Chapter 5
Databases
Computer systems need to keep in memory a plethora of information. Customer accounts, subscription status, or even
simply the website's content.
These pieces of information are stored via software called "database management systems." A large-scale website
utilizes multiple database technologies, each specialized for a particular use. Among others:
- Working with huge batches of data.
- Or conversely, on a single data point.
- Search engine.
- Identifying relationships.
- Storage of documents and media.
- Ultra-fast access.
Today, we will focus on relational database management systems. These are the technologies most commonly used by developers in their daily lives. You might have already heard of MySQL, Oracle, SQL Server, or PostgreSQL.

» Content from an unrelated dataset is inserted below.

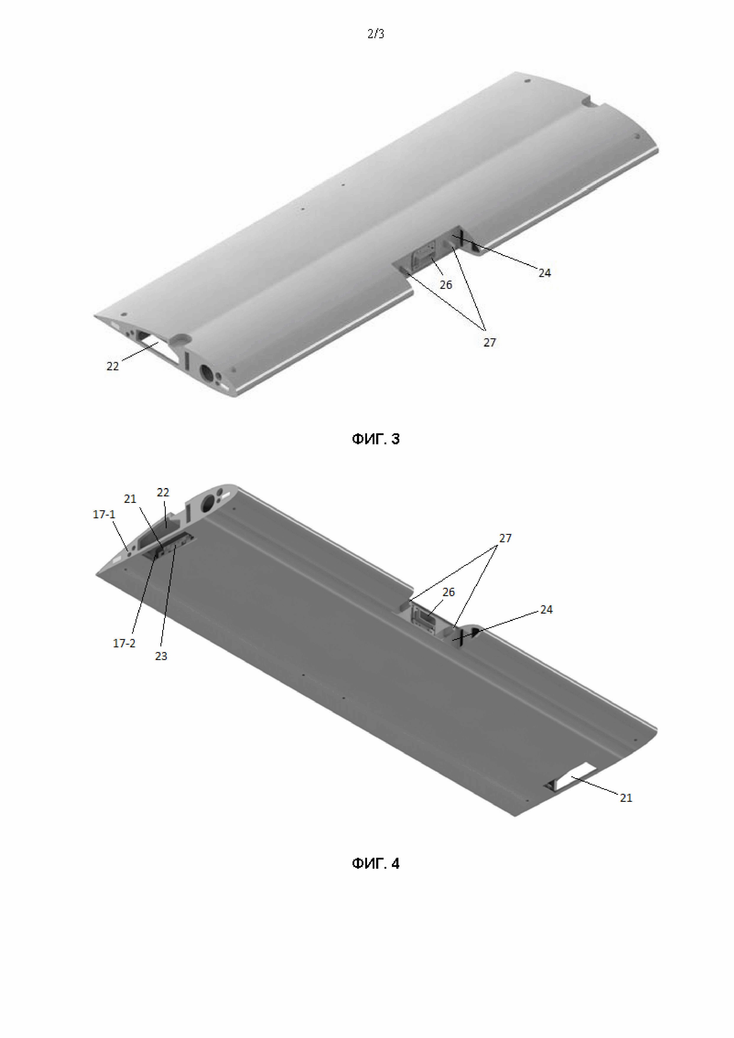 Область техники, к которой относится полезная модель Полезная модель относится к летательным аппаратам, в частности к конструкции разборного беспилотного летательного аппарата. Уровень техники Беспилотные летательные аппараты (БПЛА, UAV) постепенно становятся частью повседневной жизни - они выполняют доставку грузов, различные исследования, анализ окружающего пространства, мониторинг территорий, контроль объектов, фото- и видеосъемку, используются в спасательных операциях и находят множество других применений. Поскольку в типовом сценарии применения БПЛА не работает круглосуточно над одной и той же ограниченной территорией, а должен выполнять задачи на разных территориях и в разное время, важное значение приобретают вопросы быстрой и удобной транспортировки не находящегося в работе БПЛА от одной точки к другой точке и быстрой подготовки БПЛА к эксплуатации. Кроме того, БПЛА самолетного типа является довольно громоздким и требует либо наличия специально подготовленного транспорта, либо выполнения в разборном виде. Авторы настоящего документа предлагают ряд решений, которые позволяют повысить эффективность использования разборного БПЛА. Сущность полезной модели Предложен центроплан крыла беспилотного летательного аппарата, содержащий: лонжерон, выполненный в виде продольного силового элемента коробчатого типа; нервюры, прикрепленные к лонжерону и имеющие форму аэродинамического профиля крыла; заднюю стенку, прикрепленную к нервюрам и выполненную в виде продольного элемента коробчатого типа; обшивку, прикрепленную к лонжерону, нервюрам и задней стенке; и переднюю стенку, прикрепленную к двум центральным нервюрам в передней части центроплана до лонжерона, причем пространство, образованное в передней части центроплана между передней стенкой и центральными нервюрами, к которым она прикреплена, свободно от обшивки, причем к передней стенке прикреплен разъем электросистемы, предназначенный для соединения с ответным разъемом электросистемы, расположенным на фюзеляже, причем передняя стенка содержит крепежные элементы для соединения с ответными крепежными элементами на фюзеляже методом вставки, причем крепежные элементы на передней стенке представляют собой клиновидные элементы, выступающие из передней стенки на величину, превышающую величину, на которую из передней стенки выступает разъем электросистемы. В одном из вариантов осуществления клиновидный элемент имеет вблизи передней стенки постоянное поперечное сечение, приблизительно равное поперечному сечению ответного крепежного элемента на фюзеляже, и клиновидное сужение на конце, причем длина, вдоль которой клиновидный элемент имеет постоянное поперечное сечение, больше величины, на которую из передней стенки выступает разъем электросистемы. Технический результат Настоящая полезная модель позволяет упростить и ускорить процессы сборки/разборки БПЛА, а также увеличить надежность и безопасность разборного БПЛА. Эти и другие преимущества настоящей полезной модели станут понятны при прочтении нижеследующего подробного описания со ссылкой на сопроводительные чертежи. Краткое описание чертежей На Фиг. 1 показан БПЛА в сборе. На Фиг. 2 показана конструкция центроплана. На Фиг. 3-5 показаны виды в разных проекциях другого варианта осуществлен

Let's build a newsletter 💪
Imagine a database as an Excel file.
A tab in the file represents what we call a "table".
A column in a table is called a "field".
A row in a table is called a "tuple", "entry", "row", or "record".
For example, if you want to model in a database this newsletter, the wonderful people who have subscribed to it, and
the mail sendings:
Table: chapter
identifier | title | publication_date | content |
---|---|---|---|
database-sql | The Tech Guide #5 - Databases | 2024-01-05 | Welcome to… |
frontend-backend | The Tech Guide #4 - Front-end and Back-end | 2023-09-10 | 👋, welcome… |
Table: subscription
identifier | |
---|---|
1 | foo@bar.com |
2 | hello@world.com |
Table: sent_mail
chapter_identifier | subscription_identifier | send_date |
---|---|---|
database-sql | 1 | 2024-01-05 |
database-sql | 2 | 2024-01-06 |
You get two tables that represent concrete objects: chapter and subscription.
Each line is manually or automatically assigned a unique identifier. It's called a "primary key".
The third table, sent_mail, uses these keys to relate chapters and subscriptions to each other.
It manipulates "foreign keys".
This way of organizing data explains the name "relational database".
SQL
To manipulate these tables, we use Structured Query Language.
SQL, pronounced S.Q.L and formerly known as sequel, aims to be a natural language close to English.
It very easily allows writing queries to carry out the 4 basic operations of data processing:
- Creation. Example: someone subscribes to the newsletter.
- Reading. Example: check who has already received the chapter to avoid sending it twice.
- Updating. Example: correcting a typo in the content.
- Deletion. Example: unsubscribing from the newsletter.
SELECT title, content FROM chapter WHERE identifier = “database-sql”
Easy, isn't it? 😉
We can do crazy stuff in SQL, but the basic syntax is really accessible to everyone.
It's exactly this query that is played if you display the page https://the-tech.guide/chapter/database-sql/.
The URL is analyzed to extract the chapter's identifier.
It is then injected into the SQL query allowing to construct the page.
The database serves in this case to code only one page and to automatically generate all the variants.
😱 And if someone tampers with the URL hoping to modify the underlying SQL query?
That's called SQL injection. It's the flaw exploited in 90% of website hacks.
Every use of data public to users must be secured.
Every day, robots randomly try thousands of injections on the most known sites.
NoSQL
Relational databases, despite their power, show limits on large volumes of data.
The advent of Cloud and BigData has seen the emergence of new technologies categorized as “NoSQL”.
Broadly, NoSQL refers to databases that are not relational. It’s a super broad designation encompassing a whole
range of technologies.
Fun fact: NoSQL technologies often use SQL or a derivative 🤪. They tried to make up for this poor naming with Not
Only SQL.
In a NoSQL database, data is organized completely differently, at least in the internal engine of the software.
This allows for easier distribution across different machines and thus infinitely increases computing power and
available memory.